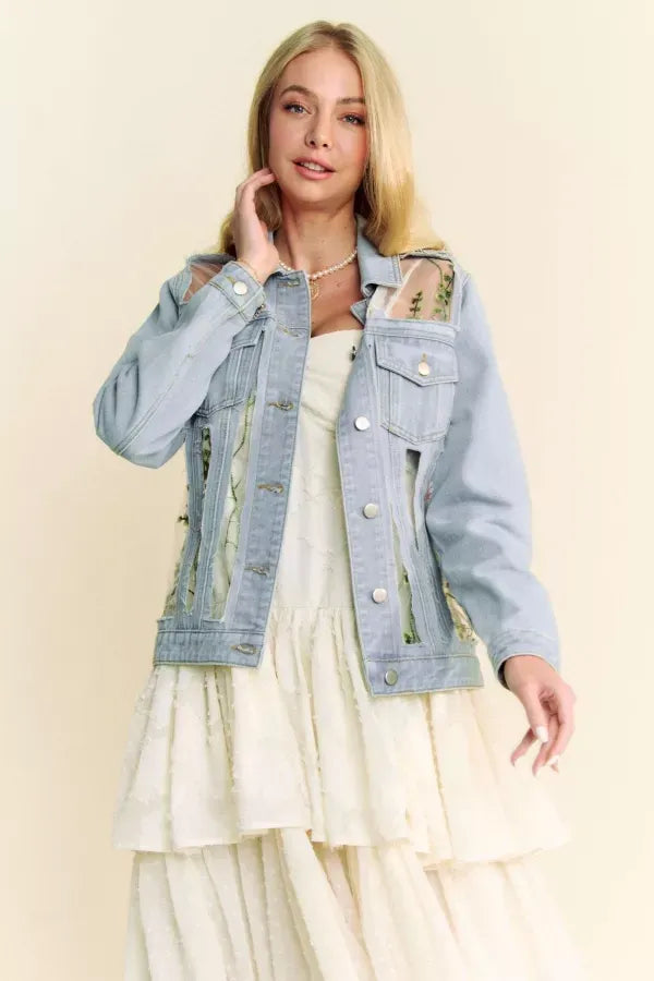 This denim jacket features front pockets and intricate embroidery of delicate floral mesh. With a true-to-size fit and no stretch, it's the perfect choice for those seeking sleek sophistication. For a more oversized look, consider sizing up.
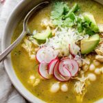 A flavorful and hearty Mexican Green Pozole Soup made with tender chicken, hominy, and a vibrant blend of tomatillos, poblano and jalapeño peppers, seasoned with traditional spices and garnished with fresh toppings.
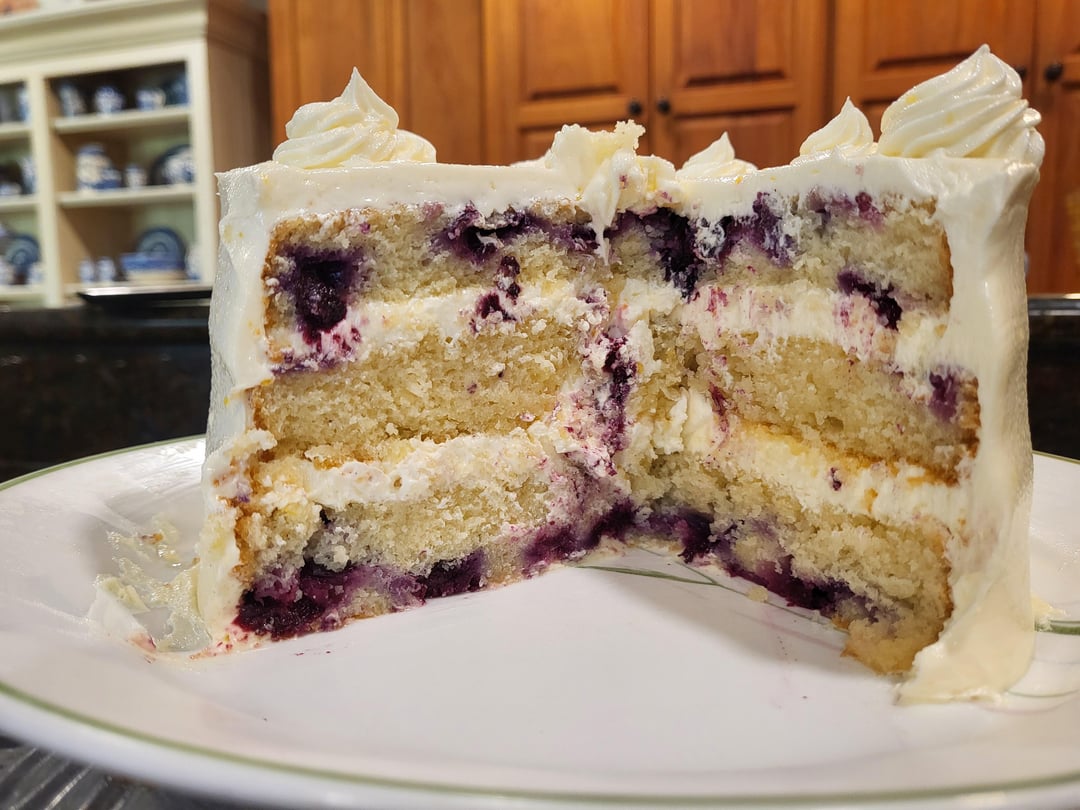 Made a rough 6" trial run on a cake for Easter, planning to do 4 layer 9". Gonna up the blueberry just a bit. I'm thinking of doing lemon curd between the layers instead of the buttercream. Also thinking of cutting off the tops to expose the crumb allowing the curd to absorb a little into the cake. Happy with this one but think the curd would add a little pop. Thoughts?
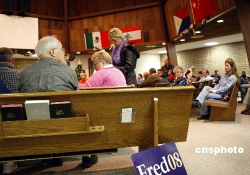 美国艾奥瓦州当地时间1月3日举行美国2008总统大选的首场初选。图为艾奥瓦中部小镇厄本代尔的一个共和党选区现场。共和党人赫卡比在当晚选举中胜出。中新社发 李静 摄
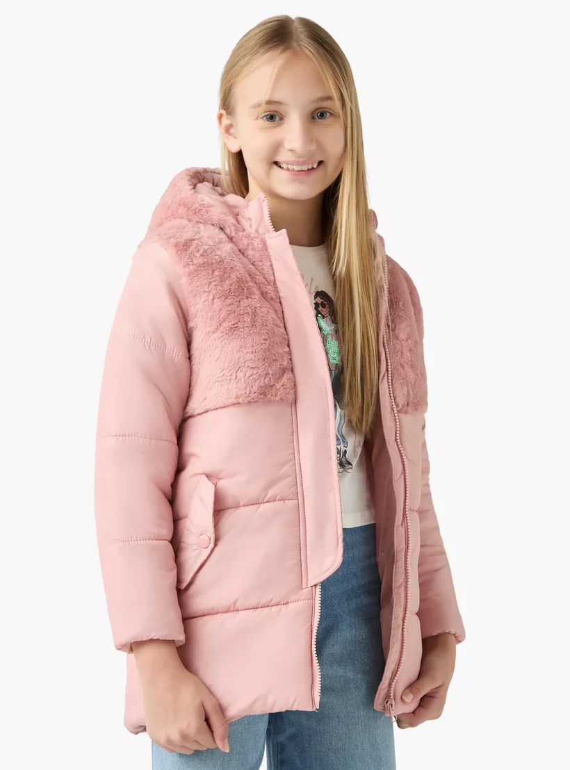 Juniors Quilted Jacket with Faux Fur Hood and Pockets
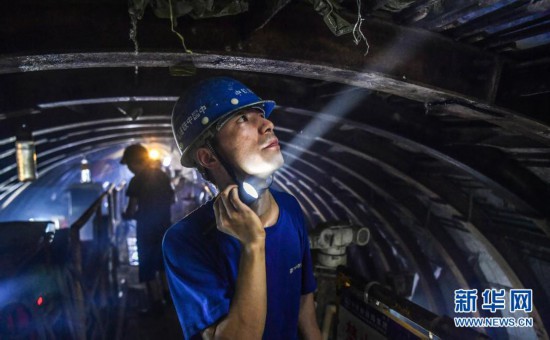 中铁隧道局的技术员在掘进机机头处检查钢拱架的安装(11月19日摄)。
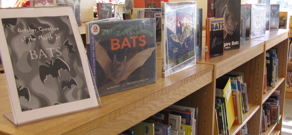 The October “Creature of the Month” display features bats. Very spooky, I had fun with all the displays this year.
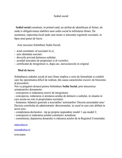 vizitati articolul complet aici : https://ro.scribd.com/doc/216081485/Etape-Infiintare-Firma Acordul vecinilor se obtine atunci cand punctul de lucru se deschide in cadrul unui condominiu care are ca forma de organizare o asociatie de proprietari. Para poder acceder al servicio es necesario que los datos que se le solicitan en este formulario coincidan exactamente con los registrados en la base de datos de la seguridad social. 0 ratings0% found this document useful (0 votes).

= = =

Problem requirements: Starting at the first line of the data, set down each line exactly until you have copied the line with "A flavorful and", but leave the pictures out.

Solution for this task:
 This denim jacket features front pockets and intricate embroidery of delicate floral mesh. With a true-to-size fit and no stretch, it's the perfect choice for those seeking sleek sophistication. For a more oversized look, consider sizing up.
 A flavorful and hearty Mexican Green Pozole Soup made with tender chicken, hominy, and a vibrant blend of tomatillos, poblano and jalapeño peppers, seasoned with traditional spices and garnished with fresh toppings.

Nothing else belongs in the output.